To make a video, with a list of images or flow images, you can use ffmpeg. See my make_video.sh script.

Train the network

  • To train the network Basically, follow the flownet2 documentation. You have to :
  • create the dataset (in the lmdb format), using the command /build/tools/convert_imageset_and_flow.bin (see make_lmdbs.sh script in flownet2/data directory)
  • create your train.prototxt file, from one of the flownet2 models (you have to change the training / testing ldmb paths)
  • create your solver.prototxt (it is provided in flownet2/models)

and train with caffe (caffe train --solver solver.prototxt)

You can also train using my function main.py train

usage: main.py train [-h] prototxt input_weights output_weights iterations log_file

.

Tools

I have a few python scripts to run computations on optical flow, you can check in tools.py. The most interesting functions are :

  • apply_flow_reverse : warp an image, given a flow.
  • tools to build a dataset : generate_dataset that uses generate_two_images_and_flow, which, from one image, generates two sub-images that are translated, and the corresponding flow.

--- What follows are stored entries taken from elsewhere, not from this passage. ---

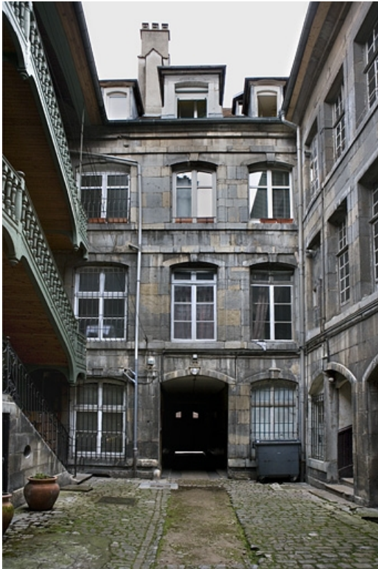
Vue d'ensemble de la façade postérieure du logis principal.

25, Besançon, 72 rue des Granges, lieudit : îlot Forum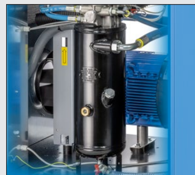
Vertikální vysoce účinná třístupňová separace oleje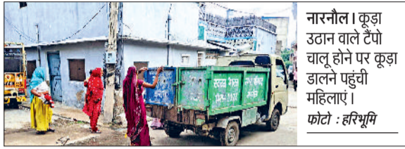
नारनौल। कूड़ा उठान वाले टैपो चालू होने पर कूड़ा डालने पहुंची महिलाएं।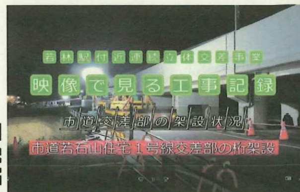
（例）『市道若石山住宅1号線交差部の架設』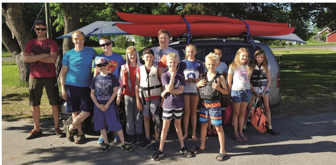
Klar for kano- og kajakkur i Syndle. Barn, foreldre og ledere.

TODO : calculer sur les datasets pour chaque image le flot par rapport a l'image de depart, et le warp. Ensuite calculer la L2 entre le warp et l'originale

  • avec les bandes noires
  • sans les bandes noires (normalisé sur le nombre de pixels)
  • en remplaçant les bandes noires par la moyenne de l'image

FlowNet2 models

They are listed in the flownet2 paper : https://arxiv.org/pdf/1612.01925.pdf

  • FlowNet2 : The biggest model, best results but the slowest (~5s for 1 flow, but should be much faster according to paper).
  • FlowNet2-s : the fastest model, but bad results

And between those two : FlowNet2-CSS, FlowNet2-SS

3D reconstruction

You need the point cloud library for this.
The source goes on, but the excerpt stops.